**What is expected**
Only the lines of the listing below that run from the line with "Automatic WiFi: SpotWiFi" through the line with "- ГР 3 – три" are to be set down, word for word. Pictures stay out.
[Extracted entries — start]
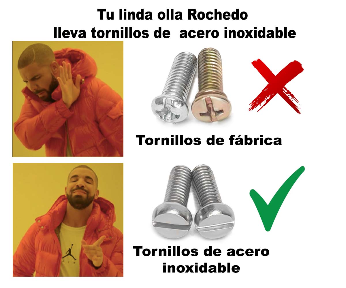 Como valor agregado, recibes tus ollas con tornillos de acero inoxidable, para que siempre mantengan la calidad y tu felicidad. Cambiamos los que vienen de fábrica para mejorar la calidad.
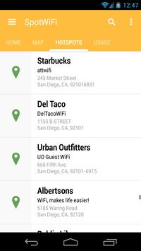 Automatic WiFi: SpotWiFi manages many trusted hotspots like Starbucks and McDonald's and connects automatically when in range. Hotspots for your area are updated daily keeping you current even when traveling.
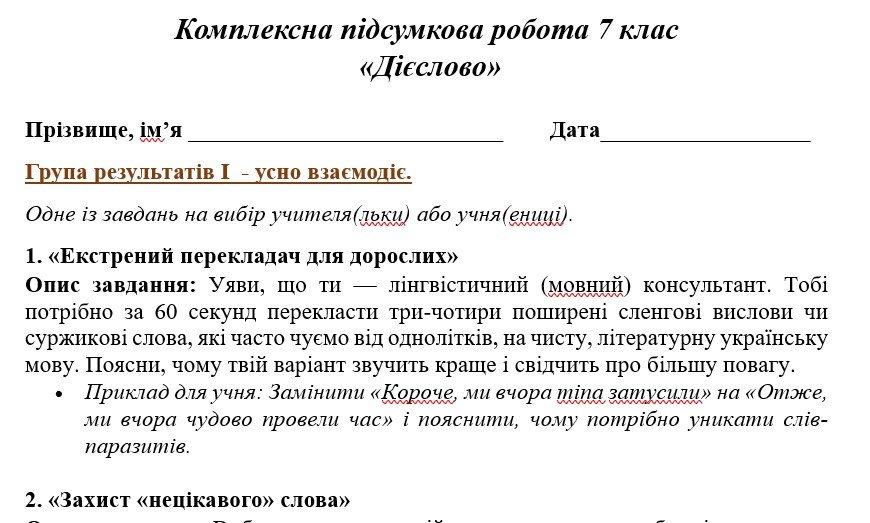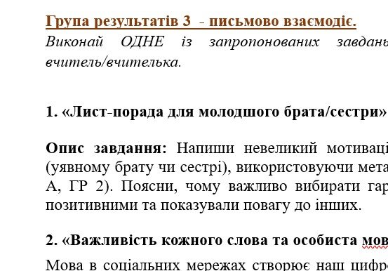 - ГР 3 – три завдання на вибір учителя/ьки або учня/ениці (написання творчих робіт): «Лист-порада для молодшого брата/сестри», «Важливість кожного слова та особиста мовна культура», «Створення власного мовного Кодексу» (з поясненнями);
[Extracted entries — finish]
[Extracted entries — start]
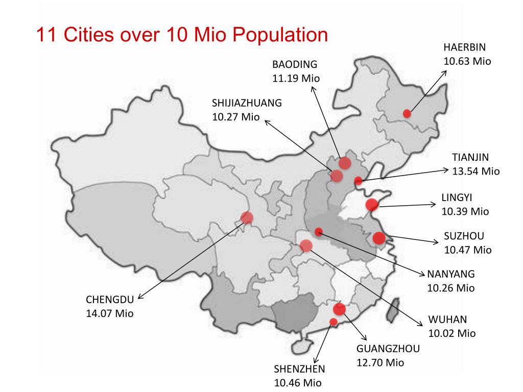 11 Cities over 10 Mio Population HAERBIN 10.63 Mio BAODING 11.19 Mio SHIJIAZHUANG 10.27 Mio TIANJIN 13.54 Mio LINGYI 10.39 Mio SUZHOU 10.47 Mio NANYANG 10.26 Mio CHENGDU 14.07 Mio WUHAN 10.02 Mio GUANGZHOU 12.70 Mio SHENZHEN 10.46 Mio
[Extracted entries — finish]
**Solution for this exercise**
 Automatic WiFi: SpotWiFi manages many trusted hotspots like Starbucks and McDonald's and connects automatically when in range. Hotspots for your area are updated daily keeping you current even when traveling.
 - ГР 3 – три завдання на вибір учителя/ьки або учня/ениці (написання творчих робіт): «Лист-порада для молодшого брата/сестри», «Важливість кожного слова та особиста мовна культура», «Створення власного мовного Кодексу» (з поясненнями);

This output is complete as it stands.